***** DATA EXCERPT *****

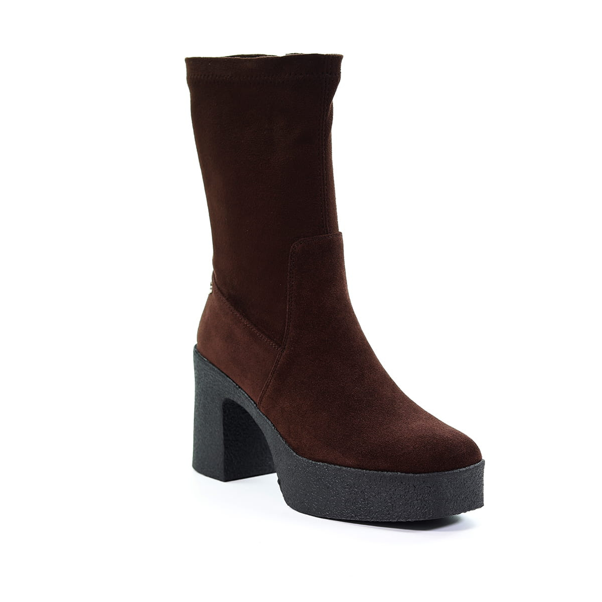 - Botki marki GOE wykonane z wysokogatunkowej skóry zamszowej w połączeniu z tkaniną kolorze brązowym.
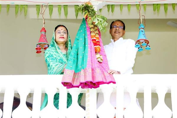 गुड़ी पड़वा पर मुख्यमंत्री श्री चौहान अपनी पत्नी श्रीमती के साथ. साधना सिंह ने मुख्यमंत्री आवास पर गुड़ी लगवाई। यह गुड़ी शुभ प्रतीक और विजय पताका का रूप धारण करती है। गुड़ी पाड़ा के दिन घर के दरवाजे पर गुडिया रखने की परंपरा है। यह महाराष्ट्र में अधिक प्रचलित है। भारतीय सांस्कृतिक परंपरा में शुभ कार्यों की शुरुआत गुड़ी पड़ से होती है।
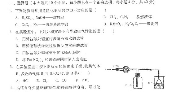 山东省潍坊2011年高考二轮专题训练:化学实验基础检测题(三)扫描版
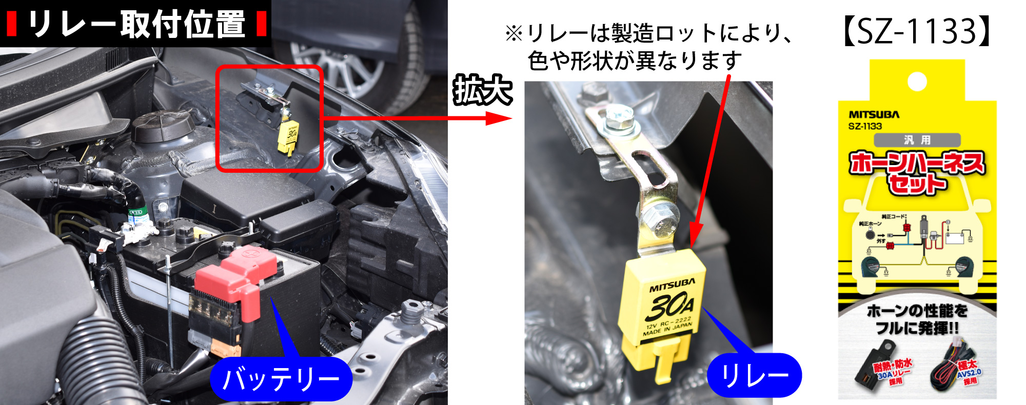 ※ホーンハーネスセット(SZ-1133)とは、ホーン接続用にリレー回路が組まれた配線キットです。ミツバ製ホーンはもちろん、各メーカーのホーンも簡単・確実・短時間で配線出来ます。

*****

▸ **ABOUT THIS EXERCISE**
Everything in the material above should be reproduced exactly, except the pictures.

▸ **EXPECTED OUTPUT**
 - Botki marki GOE wykonane z wysokogatunkowej skóry zamszowej w połączeniu z tkaniną kolorze brązowym.
 गुड़ी पड़वा पर मुख्यमंत्री श्री चौहान अपनी पत्नी श्रीमती के साथ. साधना सिंह ने मुख्यमंत्री आवास पर गुड़ी लगवाई। यह गुड़ी शुभ प्रतीक और विजय पताका का रूप धारण करती है। गुड़ी पाड़ा के दिन घर के दरवाजे पर गुडिया रखने की परंपरा है। यह महाराष्ट्र में अधिक प्रचलित है। भारतीय सांस्कृतिक परंपरा में शुभ कार्यों की शुरुआत गुड़ी पड़ से होती है।
 山东省潍坊2011年高考二轮专题训练:化学实验基础检测题(三)扫描版
 ※ホーンハーネスセット(SZ-1133)とは、ホーン接続用にリレー回路が組まれた配線キットです。ミツバ製ホーンはもちろん、各メーカーのホーンも簡単・確実・短時間で配線出来ます。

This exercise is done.